Автор книги: Димитр Пеев


Соавторы: Павел Вежинов,Онджей Нефф,Кшиштоф Малиновский,Франк Петерманн,Чеслав Хрущевский,Эрик Симон,Иван Серафимов,Васил Райков,Георгий Данаилов
сообщить о нарушении

Текущая страница: 2 (всего у книги 19 страниц)

Взаимная демонтировка

Когда ты, Астер, прочтешь повествование до конца, весь наш полет может представиться тебе средоточением беспрерывных опасностей, бед, тягостей и лишений, роковым сцеплением случайных сил и обстоятельств. Однако это далеко не так. Мы попытались воссоздать лишь события, выходящие за пределы стереотипных будней звездного бытия. А таких событий, в сущности, было не так уж много. И если бы их собрать воедино, они не заполнили и одного года. А ведь нам предстояло созерцать многозвездные пустыни неба целых шестнадцать лет. Что может быть мучительней ожидания, вынужденного бездействия, когда корабль, этот материальный сгусток инерции, вкраплен в ледяную глыбину вечной ночи. Мы засыпали и просыпались, ели, курили, ходили, мы плавали, мы играли в теннис, удивляясь странным траекториям мяча. Мы прокручивали земные фильмы, и прошлое каждого из нас как бы оживало на экране. И каждый в душе утешал сам себя: ты еще жив, ты не выродился, не очерствел, не сошел с ума, не стал бездушным механизмом, хотя – заметь, Астер, – именно бездушным механизмам в эти долгие годы приходилось тащить на себе весь груз заложенной в них программы.

Да, мы всеми силами пытались предать забвению, убить, уничтожить Время. И Время мстило нам, лишая нас борьбы, горестей, восторгов…

Первой затосковала Гемма, астрофизик из первой смены. Покладистая, общительная, разговорчивая, любимица всего экипажа. Гемма неожиданно для всех погрузилась в оцепенение. Казалось, она забыла обо всем на свете. Меланхолично уставясь взглядом в иллюминатор, она молчала и на все попытки заговорить с ней, вывести ее из состояния транса отвечала нечто невразумительное, пугающее. «Взгляни, взгляни, – говорила она задыхающимся шепотом, – ты видишь нашу Землю! Вон Африка, вон Египет, а вон там, в долине, светится сельцо, где я родилась…»

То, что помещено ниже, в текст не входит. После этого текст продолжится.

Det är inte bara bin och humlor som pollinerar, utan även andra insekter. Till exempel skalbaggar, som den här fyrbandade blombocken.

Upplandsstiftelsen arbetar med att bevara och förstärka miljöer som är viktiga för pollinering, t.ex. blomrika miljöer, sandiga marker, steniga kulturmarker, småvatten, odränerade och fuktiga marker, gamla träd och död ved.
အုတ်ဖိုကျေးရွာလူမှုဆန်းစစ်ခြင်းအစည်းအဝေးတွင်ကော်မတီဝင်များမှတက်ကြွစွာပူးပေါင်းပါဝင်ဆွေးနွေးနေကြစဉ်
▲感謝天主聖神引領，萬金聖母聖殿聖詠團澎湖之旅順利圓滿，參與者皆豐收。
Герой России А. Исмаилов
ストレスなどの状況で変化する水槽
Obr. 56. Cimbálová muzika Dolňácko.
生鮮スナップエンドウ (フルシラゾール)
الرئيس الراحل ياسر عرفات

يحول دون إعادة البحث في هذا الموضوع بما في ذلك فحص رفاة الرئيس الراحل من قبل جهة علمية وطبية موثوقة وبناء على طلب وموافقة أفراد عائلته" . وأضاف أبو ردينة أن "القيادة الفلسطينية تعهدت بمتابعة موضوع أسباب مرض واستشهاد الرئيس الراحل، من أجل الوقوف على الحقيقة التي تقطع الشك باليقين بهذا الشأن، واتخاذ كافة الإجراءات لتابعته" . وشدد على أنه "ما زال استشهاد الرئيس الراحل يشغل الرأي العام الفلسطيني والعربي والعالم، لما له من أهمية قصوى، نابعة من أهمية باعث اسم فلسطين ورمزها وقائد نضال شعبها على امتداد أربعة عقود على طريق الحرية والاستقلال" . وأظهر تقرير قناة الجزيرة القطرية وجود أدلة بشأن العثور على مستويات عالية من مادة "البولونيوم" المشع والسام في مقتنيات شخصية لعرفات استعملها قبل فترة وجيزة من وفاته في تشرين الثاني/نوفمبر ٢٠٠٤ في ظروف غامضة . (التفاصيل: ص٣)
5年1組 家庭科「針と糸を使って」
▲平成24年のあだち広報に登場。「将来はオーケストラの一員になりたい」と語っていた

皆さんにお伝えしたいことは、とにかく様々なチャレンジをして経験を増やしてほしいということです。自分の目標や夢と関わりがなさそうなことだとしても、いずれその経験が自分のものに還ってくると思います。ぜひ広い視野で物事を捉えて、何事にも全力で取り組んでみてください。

– Успокойся! Гемма, успокойся, – обыкновенно говорили ей. – Вот прилетим к Проксиме – и отыщем земли ничуть не хуже Африк да Египтов. А может, и лучше даже, поинтересней. Мало ли каких чудес не бывает на других звездах.

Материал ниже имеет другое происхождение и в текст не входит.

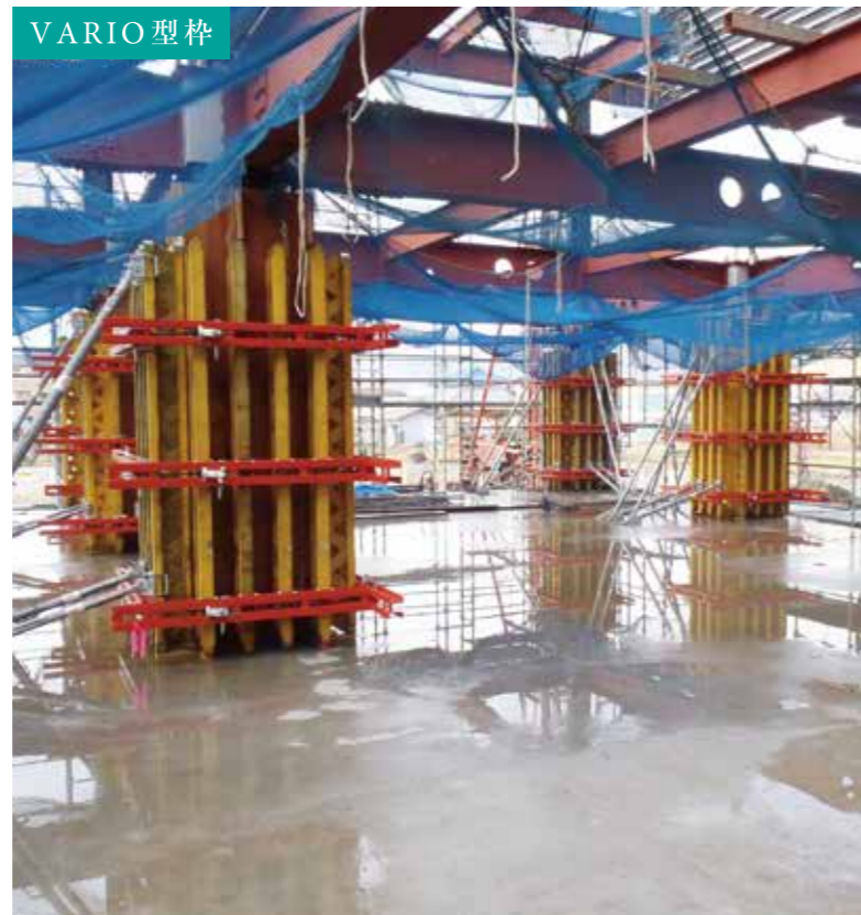
VARIO型枠 西濃建設(株)新社屋(揖斐川町)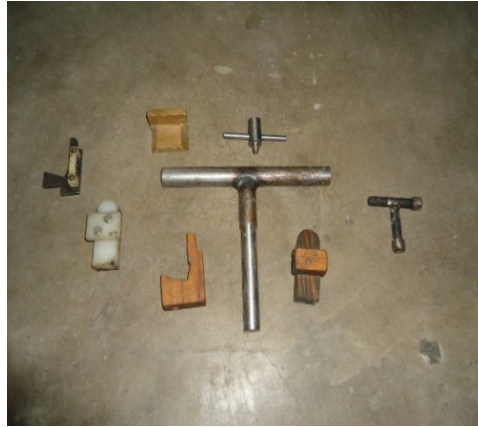
Anexo 1: Diferentes calibres de la máquina.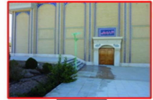
5. عدم جان فضا در ورودی و عدم جان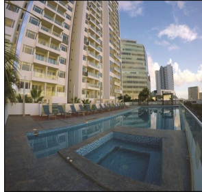
Alberca con jacuzzi Swimming pool & jacuzzi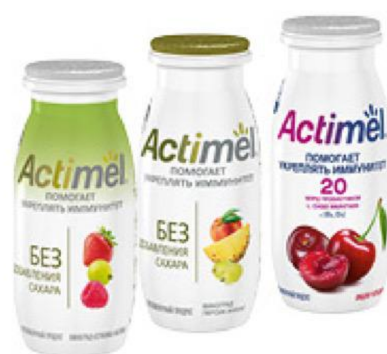
Напиток кисломолочный DANONE Actimel в ассортименте 2,2-2,5%, 95-100 г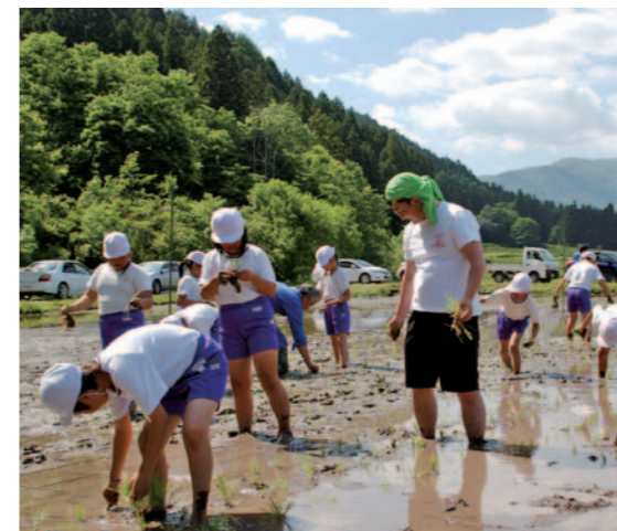
関小学校児童の田植えの様子

– Не могу, поймите меня, не могу больше, – кричала тогда Гемма. Когда-то людей сажали в тюрьму за тяжкие преступления, за убийства, за кровосмешение. Но почему я здесь? Меня-то за что?.. Это чудовищно! Я хочу вернуться… Даже и тех, кровосмесителей, убийц, и то миловали. Не часто, конечно, но ведь возвращали свободу. А кто освободит меня?.. Мы не найдем никакой планеты. Нам вовек не получить горючего для возвращения… Мы навсегда замурованы в этих кельях. Мы осужденные. Мы сами себя осудили на пожизненную каторгу!

Мы понимали, что ее болезнь неизлечима, что Гемма не выдержит до конца. Мы использовали все доступные нам средства терапии.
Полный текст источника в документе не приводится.